If you're not already tracking the patches released by this project on a D6 site, can I suggest you do? There have been quite a few security updates for D6 released this way since it went EOL.

effulgentsia’s picture

Chrome rolled out their fix already as well. So even if no one backports this for D6, just restarting Chrome should do the trick.

kazah’s picture

Thank you my friend!
I have restored my old version of the site ....spent three days for this awfull error))

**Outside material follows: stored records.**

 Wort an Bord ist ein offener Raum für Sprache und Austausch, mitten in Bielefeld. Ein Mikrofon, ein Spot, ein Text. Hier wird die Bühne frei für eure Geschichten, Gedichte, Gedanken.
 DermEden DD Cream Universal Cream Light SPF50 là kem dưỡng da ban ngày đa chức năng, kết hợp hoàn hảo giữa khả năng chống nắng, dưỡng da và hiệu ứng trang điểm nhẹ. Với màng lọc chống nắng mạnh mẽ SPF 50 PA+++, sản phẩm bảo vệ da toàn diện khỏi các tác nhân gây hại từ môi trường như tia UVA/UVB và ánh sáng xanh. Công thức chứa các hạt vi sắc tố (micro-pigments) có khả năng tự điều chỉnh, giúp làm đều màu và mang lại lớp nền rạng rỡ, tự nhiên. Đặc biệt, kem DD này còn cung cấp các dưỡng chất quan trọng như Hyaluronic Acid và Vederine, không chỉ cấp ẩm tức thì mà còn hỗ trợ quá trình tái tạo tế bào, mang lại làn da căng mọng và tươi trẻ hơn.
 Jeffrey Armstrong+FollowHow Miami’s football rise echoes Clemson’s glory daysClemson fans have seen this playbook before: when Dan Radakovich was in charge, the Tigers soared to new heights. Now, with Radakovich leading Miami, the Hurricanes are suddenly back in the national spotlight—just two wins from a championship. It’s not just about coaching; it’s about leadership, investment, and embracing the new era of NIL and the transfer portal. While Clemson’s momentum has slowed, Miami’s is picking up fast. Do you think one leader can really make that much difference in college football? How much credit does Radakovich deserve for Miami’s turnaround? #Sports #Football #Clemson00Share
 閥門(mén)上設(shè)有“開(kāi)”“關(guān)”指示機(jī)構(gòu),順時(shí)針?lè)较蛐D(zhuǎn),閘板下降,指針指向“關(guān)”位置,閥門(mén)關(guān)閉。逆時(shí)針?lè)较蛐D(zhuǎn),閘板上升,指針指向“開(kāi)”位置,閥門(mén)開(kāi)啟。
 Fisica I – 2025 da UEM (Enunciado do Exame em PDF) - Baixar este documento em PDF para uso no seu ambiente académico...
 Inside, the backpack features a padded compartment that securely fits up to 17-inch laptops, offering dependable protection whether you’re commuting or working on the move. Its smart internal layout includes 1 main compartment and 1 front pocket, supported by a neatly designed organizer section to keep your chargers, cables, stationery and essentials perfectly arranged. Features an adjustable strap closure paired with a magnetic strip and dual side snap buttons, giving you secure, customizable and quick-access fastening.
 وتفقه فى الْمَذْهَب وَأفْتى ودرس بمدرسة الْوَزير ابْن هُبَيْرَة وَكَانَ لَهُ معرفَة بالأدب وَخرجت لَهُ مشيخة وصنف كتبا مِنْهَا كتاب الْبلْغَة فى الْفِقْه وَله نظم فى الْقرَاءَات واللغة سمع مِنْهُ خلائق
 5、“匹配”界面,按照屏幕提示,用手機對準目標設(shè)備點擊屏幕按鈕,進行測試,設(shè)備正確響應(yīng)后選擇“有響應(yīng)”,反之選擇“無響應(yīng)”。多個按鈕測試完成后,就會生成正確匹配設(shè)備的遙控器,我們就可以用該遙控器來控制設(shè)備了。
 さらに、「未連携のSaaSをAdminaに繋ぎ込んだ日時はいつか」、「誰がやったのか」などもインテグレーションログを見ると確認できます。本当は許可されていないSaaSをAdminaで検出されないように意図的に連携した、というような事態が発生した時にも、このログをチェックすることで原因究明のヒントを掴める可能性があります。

Simply restart Chrome helped me. Thank you very much!

MrPaulDriver’s picture

This bug seems to have landed in Microsoft Edge now.

steveganz’s picture

This fix applies to Microsoft Edge as well.

earthday47’s picture

Whereas #19 had fixed the issue for me, #83 does not fix the issue. I am still encountering the bug with "Add more" buttons on Drupal 7.71 in Chrome 83. So should this rightly be called fixed?

mcdruid’s picture

@earthday47 I'm not sure if that sounds like exactly the same issue.

Could you please file a new issue with as much detail as possible; ideally including steps to reproduce the issue with a clean copy of D7 and any modules necessary, plus exact browser versions etc..

Status: Fixed » Closed (fixed)

Automatically closed - issue fixed for 2 weeks with no activity.

nitheesh’s picture

leymannx’s picture

It's on you to debug this, read through the issue, try out the patches and/or update your site.